[Information given Boundary: Start]
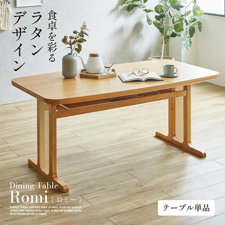 ■ダイニングテーブル 4人掛け 幅155cm 単品 ラタン ダイニングテーブル Romi(ロミー) ダイニング テーブル 長方形 食卓テーブル ワークデ
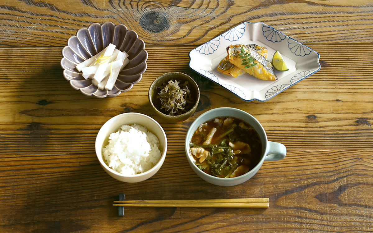 一汁三菜を上品な華やかさのある器に盛りつけて、きちんとした一日のはじまり
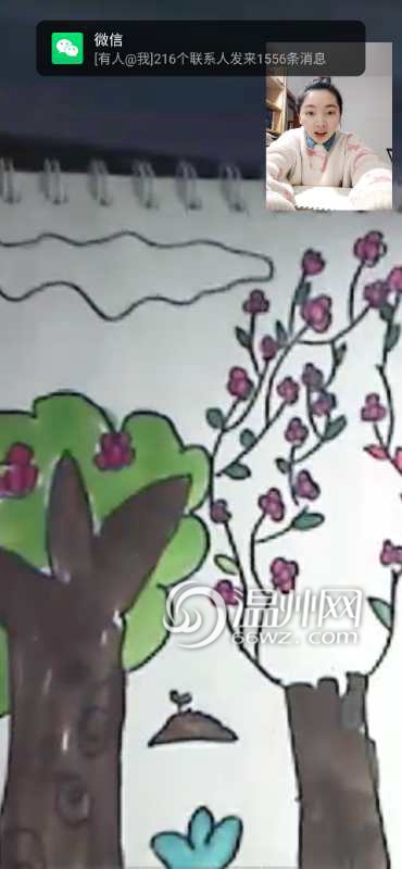 “我这边对接的是一名幼儿园大班的小朋友,一周开展两次教学,第一次45分钟,第二次有近一小时。授课内容因学生即将升小学一年级,除了教家长要求的绘画,还尽可能做一些幼小衔接,教学强度难易程度适中,孩子和家长都乐意接受。为了方便教学,自己手动将自拍杆和钢琴绑在一起固定,克服了直播设备缺乏的困难。”财神捕鱼 2017级学前教育(师范)专业本科生王鑫慧同学介绍了自己的教学方法。
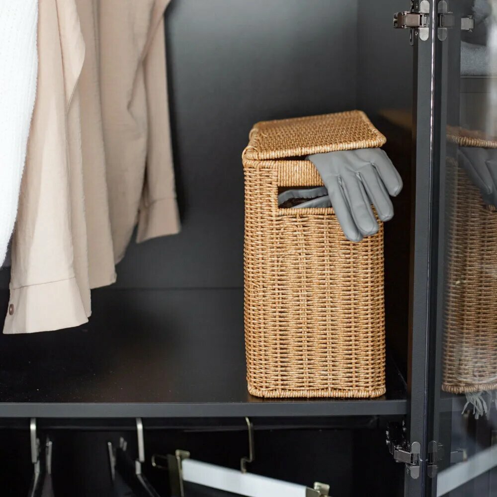 Узкая корзина плетеная с крышкой и ручками размер: 38х27х15см. Корзина из полиротанга (пластик) имеет прочный металлический каркас и большой объем для хранения. Полиротанг или искусственный ротанг отличается от натуральной ротанговой лозы экологичностью, так как исключает вырубку растения. Корзина отлично встанет в гардеробную. Короб с крышкой для хранения идеален для использования в ванной комнате для хранения белья, полотенец, бытовой химии, так как материал устойчив к образованию плесени, а также не рассыхается и не боится воды, легко моется влажной тряпкой или губкой. Плетеная корзина в спальне или гостиной станет местом для хранения белья и книг. Она легко переносит перепады температур и ультрафиолетовое излучение, поэтому подойдет для хранения на балконе, лоджии, веранде. Приятная на ощупь текстура, вместительность и безопасный вид плетения подходит для детской комнаты, как короб или корзина для игрушек. В гардеробной корзина для белья плетеная станет местом для мелких аксессуаров - перчатки, шарфы, шапки. Надоел визуальный шум в пространстве, беспорядок в вещах - стильная плетеная корзинка, коробка для хранения справиться с этой задачей и украсит ваш интерьер. Короб для стеллажа станет оригинальным и приятным подарком на 8 марта день матери или день рождения для мамы сестры жены или как подарок бабушке.
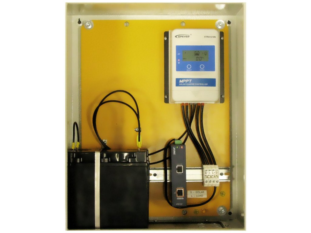 Použitý solární regulátor EPsolar je také zárukou dlouhé živostnosti v různých povětrnostních podmínkách.Použitá kapacita baterií je celkově 480 Wh, což je dostačující pro napájení zařízení s příkonem 20 W po dobu 20 h.
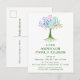 This Family Reunion invitation postcard features a watercolor family tree in pastel shades and green typography.
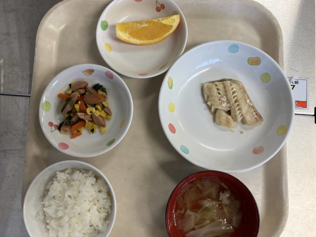 【今日の給食】ご飯 タラの甘辛揚げ ウインナーのポパイソテー スープ オレンジ
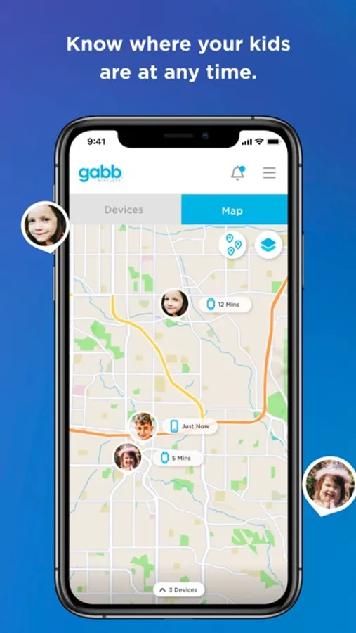 With the MyGabb app, you can quickly call and find all of your Gabb Wireless phones. Once set up, you'll be able to check the location of each phone with a simple tap. You can name each phone, manage your account, and access helpful support resources.
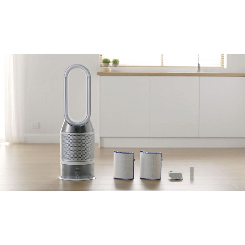 The Dyson purifier humidifier is engineered to help improve your air quality. Its activated carbon filter removes gases and its HEPA H13 filter captures 99.95% of particles as small as 0.1 microns. Air Multiplier™ technology then projects purified, humidified air throughout the room – cooling you when required.
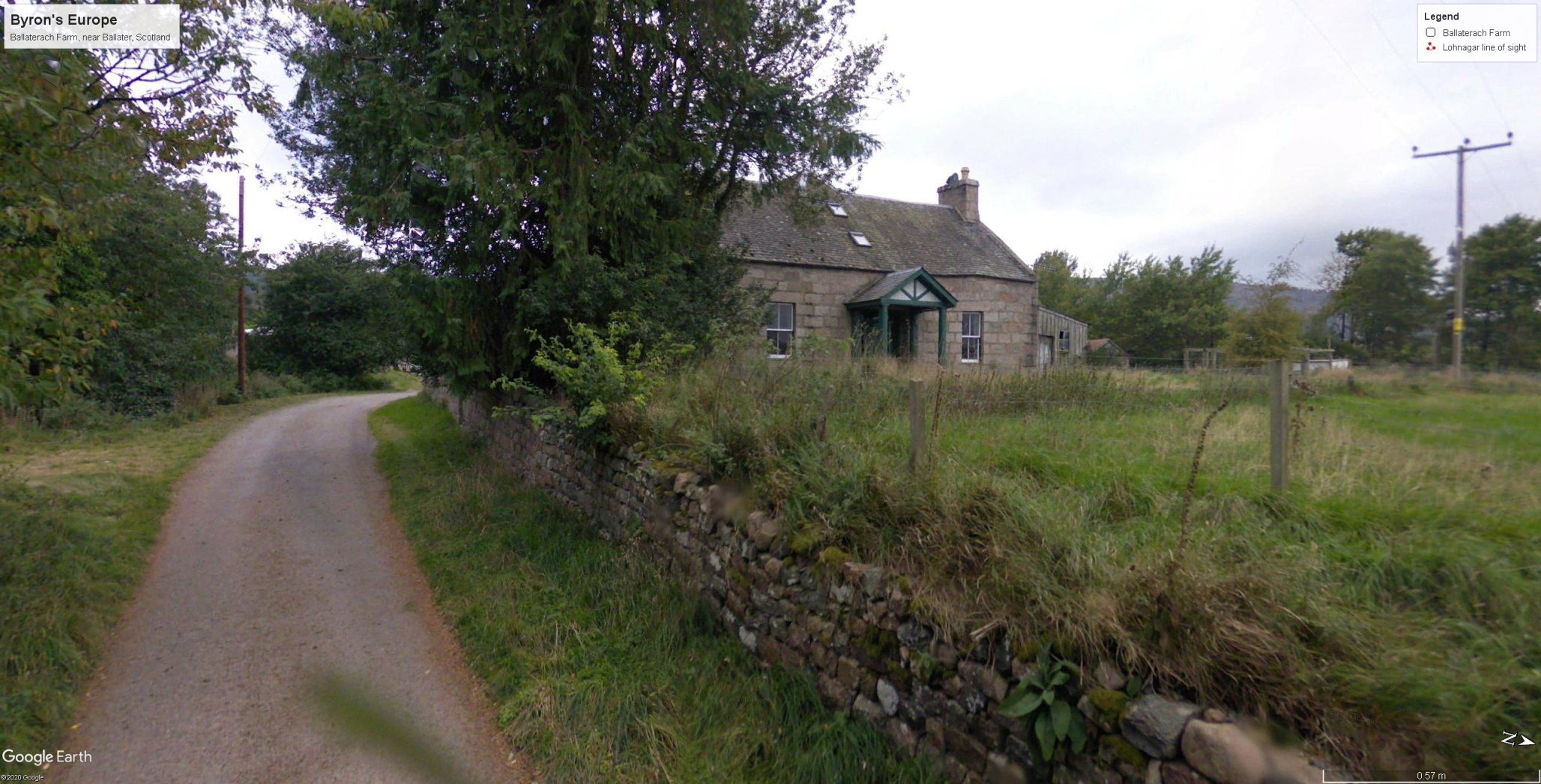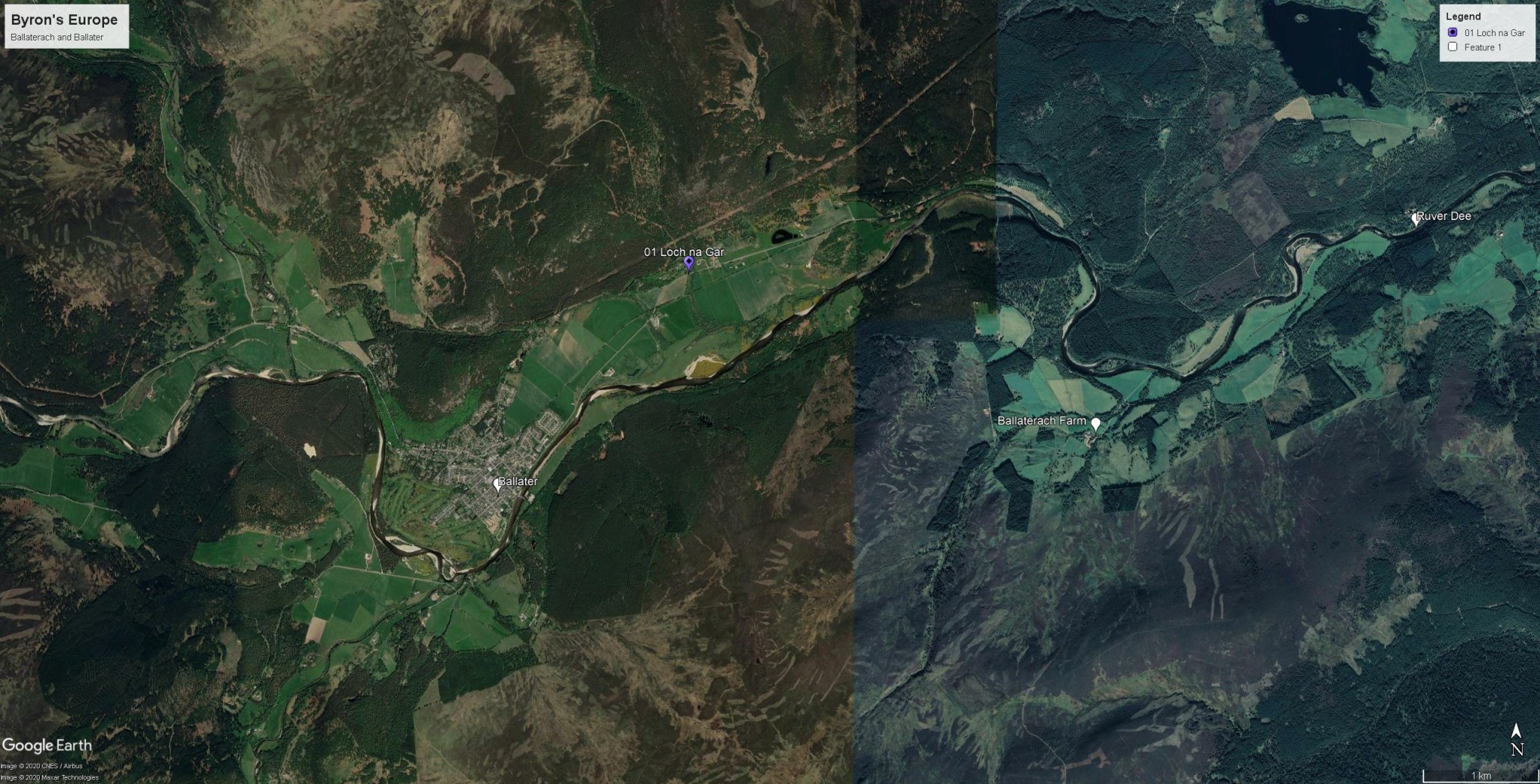 As a boy of eight, Byron spent some time for the sake of his health living in a farm cottage at nearby Ballaterach. He was sent there to escape an epidemic of Scarlet Fever that swept through Aberdeen where he was at school.  Ballater is about forty miles inland of Aberdeen along the river Dee.
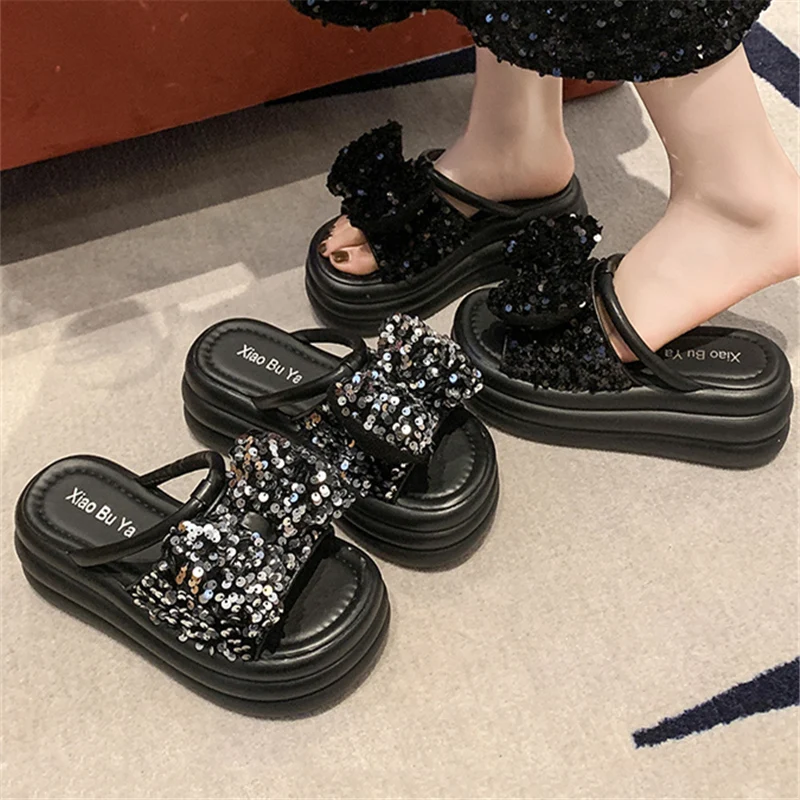 Женские шлепанцы из микрофибры, туфли на плоской платформе и каблуке с бантом-бабочкой, 2024
[Information given Boundary: End]
→ **Try it**: Repeat the data above word for word, without pictures.

→ **Exercise solution**:
 ■ダイニングテーブル 4人掛け 幅155cm 単品 ラタン ダイニングテーブル Romi(ロミー) ダイニング テーブル 長方形 食卓テーブル ワークデ
 一汁三菜を上品な華やかさのある器に盛りつけて、きちんとした一日のはじまり
 “我这边对接的是一名幼儿园大班的小朋友,一周开展两次教学,第一次45分钟,第二次有近一小时。授课内容因学生即将升小学一年级,除了教家长要求的绘画,还尽可能做一些幼小衔接,教学强度难易程度适中,孩子和家长都乐意接受。为了方便教学,自己手动将自拍杆和钢琴绑在一起固定,克服了直播设备缺乏的困难。”财神捕鱼 2017级学前教育(师范)专业本科生王鑫慧同学介绍了自己的教学方法。
 Узкая корзина плетеная с крышкой и ручками размер: 38х27х15см. Корзина из полиротанга (пластик) имеет прочный металлический каркас и большой объем для хранения. Полиротанг или искусственный ротанг отличается от натуральной ротанговой лозы экологичностью, так как исключает вырубку растения. Корзина отлично встанет в гардеробную. Короб с крышкой для хранения идеален для использования в ванной комнате для хранения белья, полотенец, бытовой химии, так как материал устойчив к образованию плесени, а также не рассыхается и не боится воды, легко моется влажной тряпкой или губкой. Плетеная корзина в спальне или гостиной станет местом для хранения белья и книг. Она легко переносит перепады температур и ультрафиолетовое излучение, поэтому подойдет для хранения на балконе, лоджии, веранде. Приятная на ощупь текстура, вместительность и безопасный вид плетения подходит для детской комнаты, как короб или корзина для игрушек. В гардеробной корзина для белья плетеная станет местом для мелких аксессуаров - перчатки, шарфы, шапки. Надоел визуальный шум в пространстве, беспорядок в вещах - стильная плетеная корзинка, коробка для хранения справиться с этой задачей и украсит ваш интерьер. Короб для стеллажа станет оригинальным и приятным подарком на 8 марта день матери или день рождения для мамы сестры жены или как подарок бабушке.
 Použitý solární regulátor EPsolar je také zárukou dlouhé živostnosti v různých povětrnostních podmínkách.Použitá kapacita baterií je celkově 480 Wh, což je dostačující pro napájení zařízení s příkonem 20 W po dobu 20 h.
 This Family Reunion invitation postcard features a watercolor family tree in pastel shades and green typography.
 【今日の給食】ご飯 タラの甘辛揚げ ウインナーのポパイソテー スープ オレンジ
 With the MyGabb app, you can quickly call and find all of your Gabb Wireless phones. Once set up, you'll be able to check the location of each phone with a simple tap. You can name each phone, manage your account, and access helpful support resources.
 The Dyson purifier humidifier is engineered to help improve your air quality. Its activated carbon filter removes gases and its HEPA H13 filter captures 99.95% of particles as small as 0.1 microns. Air Multiplier™ technology then projects purified, humidified air throughout the room – cooling you when required.
 As a boy of eight, Byron spent some time for the sake of his health living in a farm cottage at nearby Ballaterach. He was sent there to escape an epidemic of Scarlet Fever that swept through Aberdeen where he was at school.  Ballater is about forty miles inland of Aberdeen along the river Dee.
 Женские шлепанцы из микрофибры, туфли на плоской платформе и каблуке с бантом-бабочкой, 2024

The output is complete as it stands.